/search-and-sort-application

Sort and search various sizes of datasets using the most efficient methods

Primary LanguageC#

Algorithms and Complexity - Search and Sort Application (CMP1124M_Assessment_02)

Overview

An application which meets and provides the following functionality to the user:

  1. Select which individual Array is to be analysed.
  2. Sort in ascending and descending order and display the every 10th value of the selected Array.
  3. Search the selected Array for a user-defined value, if the value exists, then provide its location (if it appears more than once then provide ALL the locations) otherwise provide an error message.
  4. If the value does not exist then provide the value(s) and location(s) of its nearest value.
  5. Repeat Tasks 2 to 4 and display the corresponding values for all the selected arrays, for the 2048 length array display the 50th value and for the 4096 array display the 80th value.
  6. Merge the Low_256.txt and High_256.txt files. Then repeat Tasks 2 to 4 and display the corresponding values.
  7. Repeat task 6 using the files with length 2048 and 4096. In addition, implement and use the Binary Search Tree algorithm, for both searching and sorting.

Dataset Information

The dataset files correspond to real temperature data taken from a weather station. The Low_.txt, High_.txt, and Mean_*.txt respectively correspond to the Low, High, and Mean temperatures as recorded over time. The 256, 2048 and 4096 numbers correspond to the number of temperature data stored in the files.

Summary of Implementation

Each of the data sets in loaded directly into a string using File.ReadAllLines. Then are then converted to Arrays, using .ToArray. Once correctly formatted each individual element are added to a heap. Then a for loop is used to remove the largest value and replacing it with the rightmost value. This is repeated until the array is in the required order and can be checked by having no elements being moved around. This was a HeapSort and is used to order the values in ascending order.

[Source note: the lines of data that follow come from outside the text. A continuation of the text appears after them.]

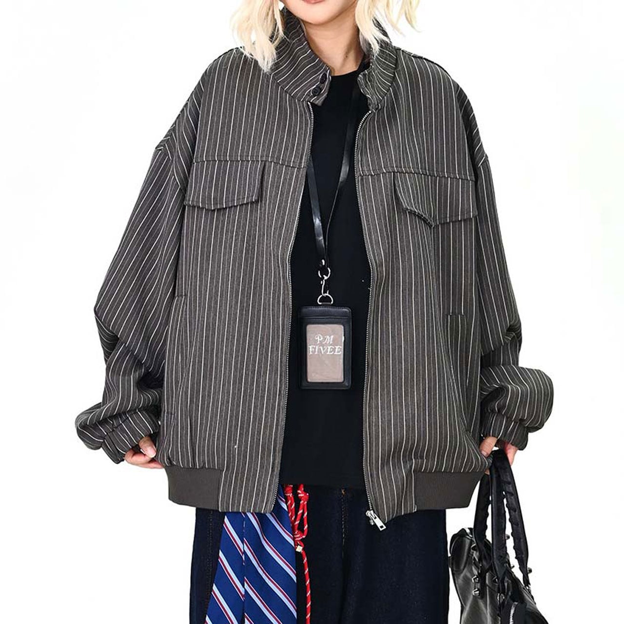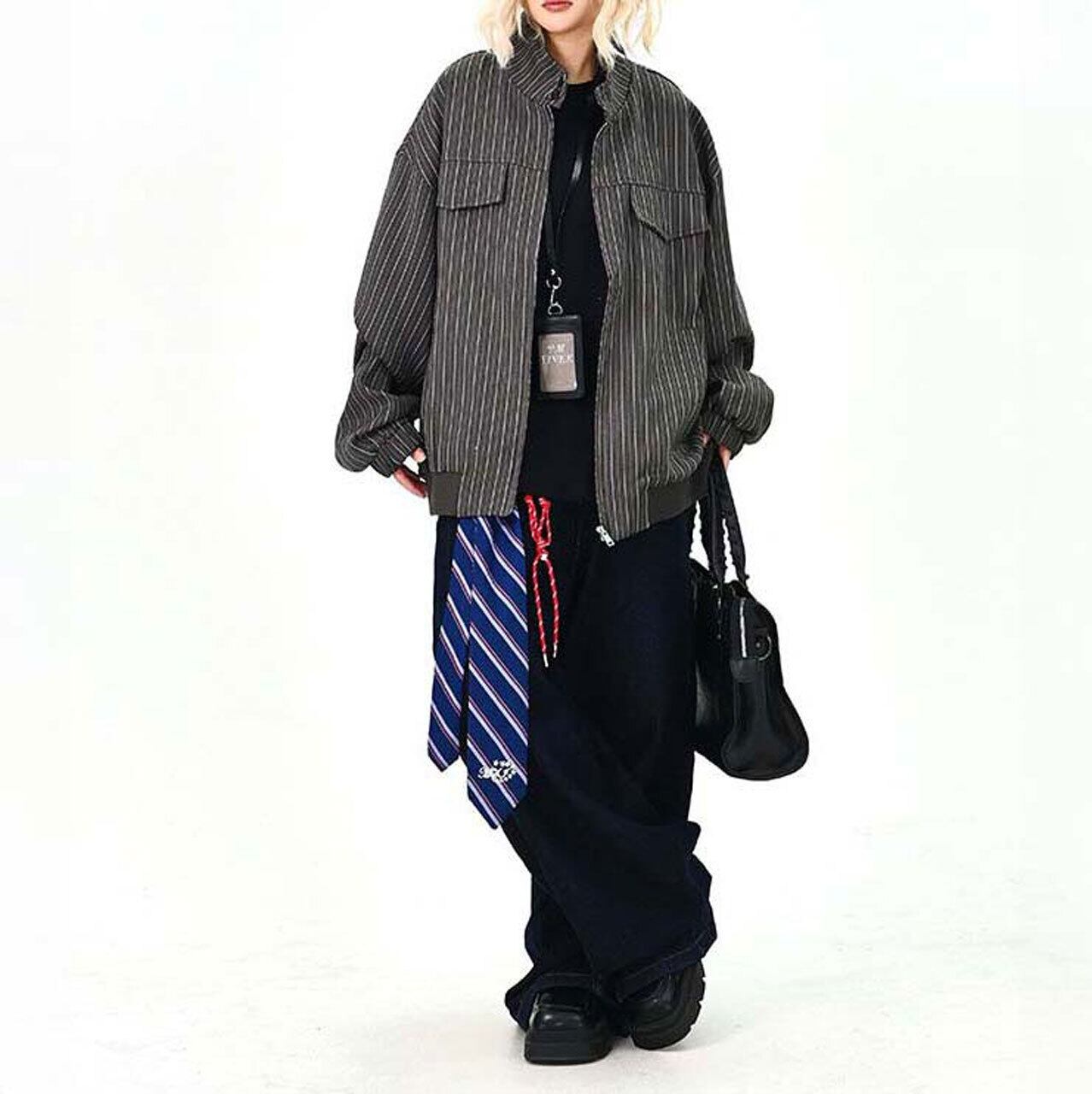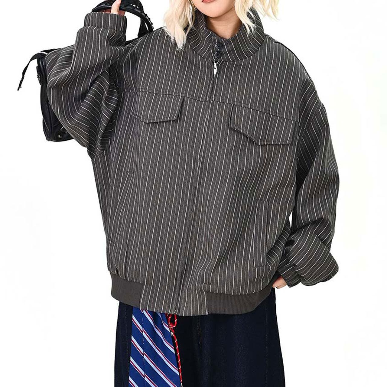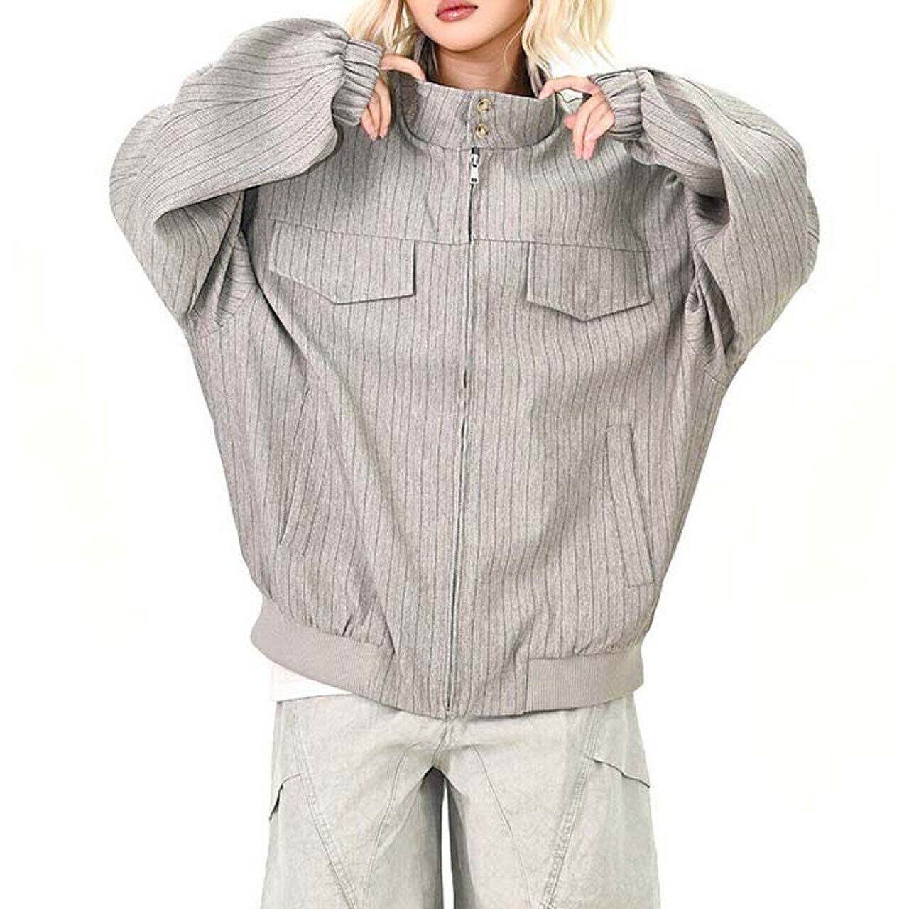 ピンストライプユーティリティジップブルゾン 2col R01464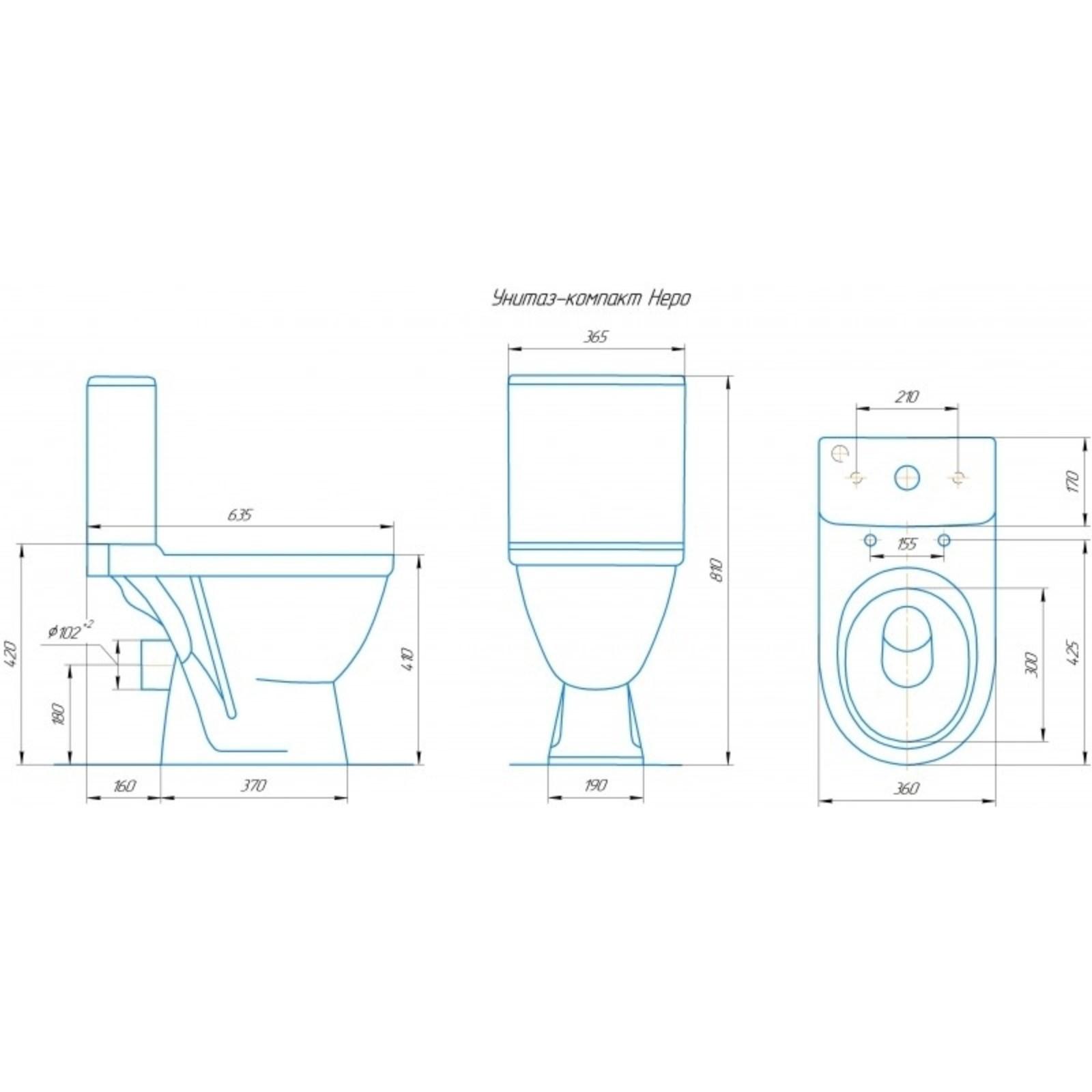 Унитаз-компакт Rosa "Неро Люкс" 023-3097, нижняя подводка, горизонтальный выпуск, белый
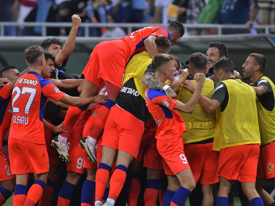Bucurie a fotbalistilor stelisti cu Octavian George Popescu si Valentin Gheorghe dupa un gol marcat de catre Claudiu Andrei Keseru in meciul de fotbal dintre FCSB si Dinamo Bucuresti, contand pentru Liga 1 Casa Pariurilor, desfasurat pe Arena Nationala din Bucuresti, duminica 12 septembrie 2021. © FOTO:Razvan Pasarica/SPORT PICTURES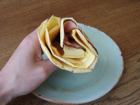 Anyway, there was no real recipe, it was just more a matter of mixing together an egg, some milk, and some flour until the batter was the right consistency, and then cooking them in a hot, non-stick pan (the non-stick part is important!). These “leathery pancakes” were one of the things I made for myself all the time when I was younger – I’d usually eat them with butter and maple syrup, and sometimes I’d roll them around some kind of savoury filling. At the crepe place in Vancouver, the crepes were spread with whatever filling you wanted, sweet or savoury, and served folded in quarters. I had one with ham, cheese, and egg, plus a Nutella one for dessert (I’m totally OK with having dessert at breakfast!). Unfortunately, I don’t have any Nutella in the house, so I had to make do with butter, brown sugar, lemon juice, and strawberries for a sweet filling, and ham and cheese for savoury. Really good, and really easy. This amount of batter makes just enough for two 12-inch crepes – enough for one person if you’re hungry, or two people if you feel like sharing 😉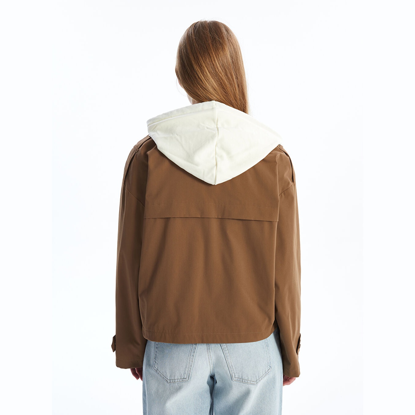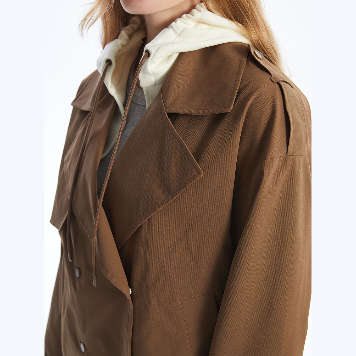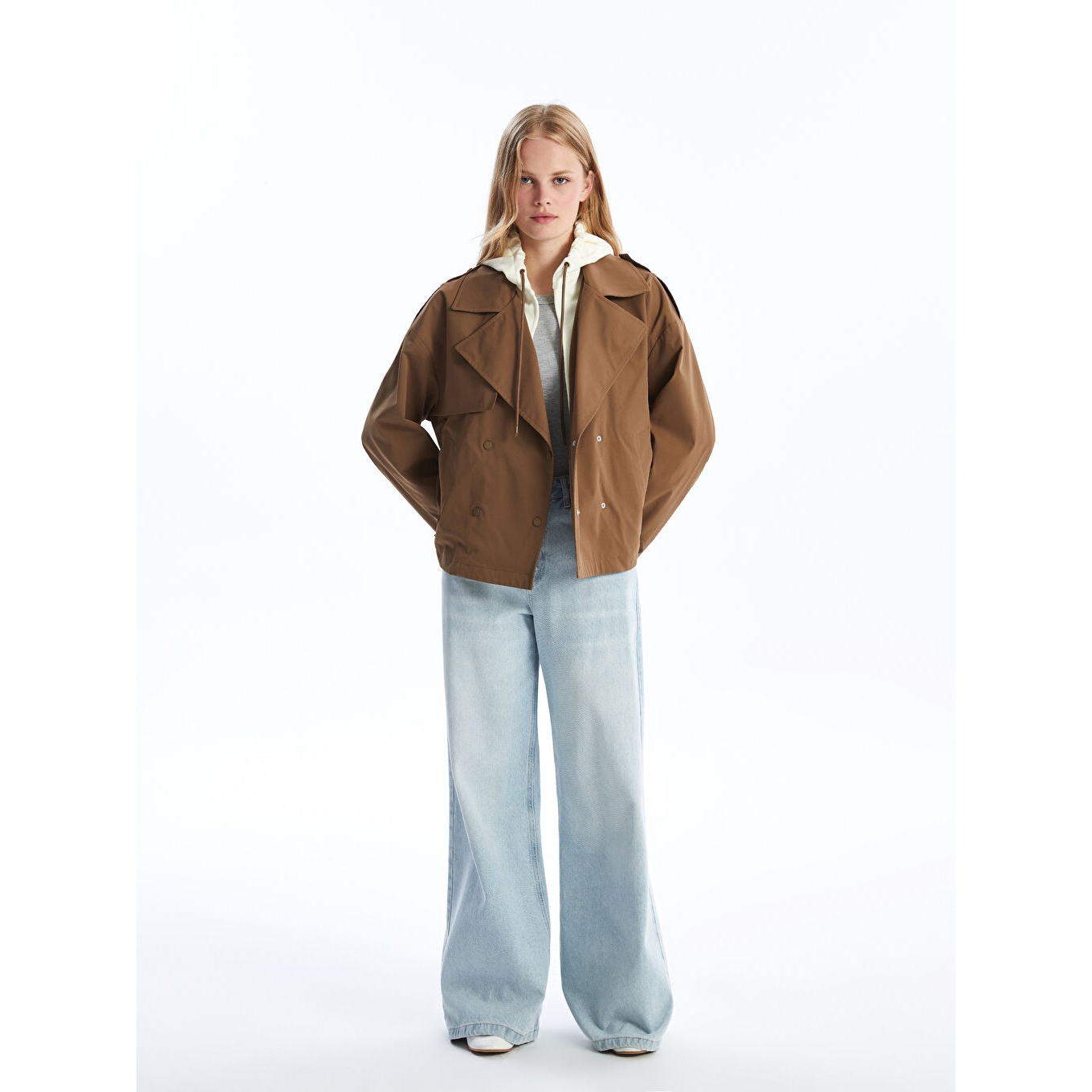ترنش كوت نسائي بقبعة قابلة للإزالة من LCW Vision – بني (قصة واسعة، تصميم عملي قصير، خامة خفيفة مبطّنة بالكامل، مثالي للإطلالات اليومية المحتشمة في الأجواء المتقلبة)

However, to sort them in descending order an InsertionSort is used. The array is initialized and a nested for loop moves the current element and inserts it into the correct position and repeats the loop until completion. Then the same process as before is performed and the values are displayed. For task 3, the application asks the user for an input. When a valid input is entered a binary search is run. Binary search compares the users input value to the middle element of the array, in the unlikely event that they are equal that value is printed, however if not the half that the value cannot be contained in is removed from the search pool and now is halved once again. This is repeated in for and if nested loops until the user’s value is found. If not found an error message is displayed. However, if the value is not in the data set the error message is presented and the neared value to the one entered is found. This number is then displayed to the user and the index value associated with it.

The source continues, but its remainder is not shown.